Note, however, that what is "called", the object of the appellatio (in this case what is not called), is not the individual to whom the significatio of the vox is "copulated" but rather the significatio itself ("numquam predicat aliquid nisi illud appellet"). That which is signified and that which is called are the same, but significare and appellare are not the same. For significatio is possible without appellatio, although appellatio without significatio is not. However, this is not yet the notion of appellatio as suppositio in the present. Rather, what is intended is an effective signification, the reality of the signified. The example offered is the following: "Posito ergo quod Deus nil creet, hoc verbum 'creat' eandem retinet significationem quam prius, set cum nil appellet, nil de deo predicat vel ei copulat" (25).

The equivalence between predicating and copulating is not, however, total. It cannot be taken further than the context of this passage. Here is underlined the aspect of prædicatio that remains outside its value of signification (in which it coincides with significatio): its attributive, applicative... copulative value. Prædicatio is: significatio plus copulatio.

We see then, that to the disphase indicated by Frege, correspond two complementary distinctions in Peter of Capua. One alluding also to steps, distinguishes between significatio and prædicatio. The other is the point of coincidence beteween Peter of Capua and Peter Abelard, who called it the "gemina vis" of the verb (26): the distinction between "officium significandi" and "officium copulandi" (27). In Frege we have the disphase of two diverse semantic structures, that of a proper name and that of the conceptual term. The latter needs three steps to attain what the other reaches in two steps. Peter of Capua's distinction between significatio and prædicatio does not relate two different semantics but rather two moments of the same one. A term--whose nature is not specified--can signify without predicating. If it predicates, it also signifies; moreover, it does so by signifying. The same term can take one or two steps.

The other distinction made by Peter of Capua refers specifically to the verb, and here the duality of semantics is re-established under the form of a bifurcation. The officium significandi distinguishes itself from the significatio of the earlier distinction only insofar as it limits itself to the verb. The officium copulandi indicates the encounter of the signification of the verb with something previously signified (which presupposes another act of signifying).
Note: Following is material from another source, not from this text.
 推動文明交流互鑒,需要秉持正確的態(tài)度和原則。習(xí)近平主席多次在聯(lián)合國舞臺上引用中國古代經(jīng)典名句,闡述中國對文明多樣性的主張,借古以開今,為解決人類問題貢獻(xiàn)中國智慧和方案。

As we can see, we are facing exclusively semantic criteria. This has nothing to do with the notion of inherence or with the distinction between substantial form and accidental form. Here at least, the distinction between suppositio and copulatio does not follow from any contamination of logic on the part of metaphysics (28).
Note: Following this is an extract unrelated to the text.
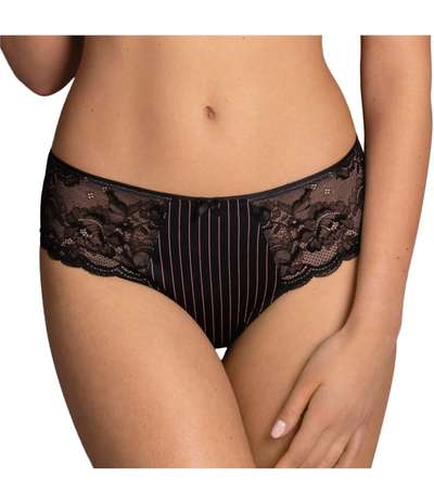 Vacker trosa från Rosa Faia med spets. En skön brief med hög midja och vackra detaljer. Framsidan består av mjuk microfiber i randigt mönster som ramas in av elegant spets på sidostyckena. Baksidan är slät och består av mjukt och skönt material för bästa komfort. Matcha gärna de lyxiga trosorna med en BH i samma serie från Rosa Faia.

Applied semantics, particularly in the field of theology, does not simply "complement" the studies of medieval logic (29). The preceding pages are a proof of this reality. The historiography of this semantic, in comparison with that of pure logic--namely, that contained in treatises of logic--, is still in its early stages. Within this history, the chapter on Peter of Capua is just now beginning to be written.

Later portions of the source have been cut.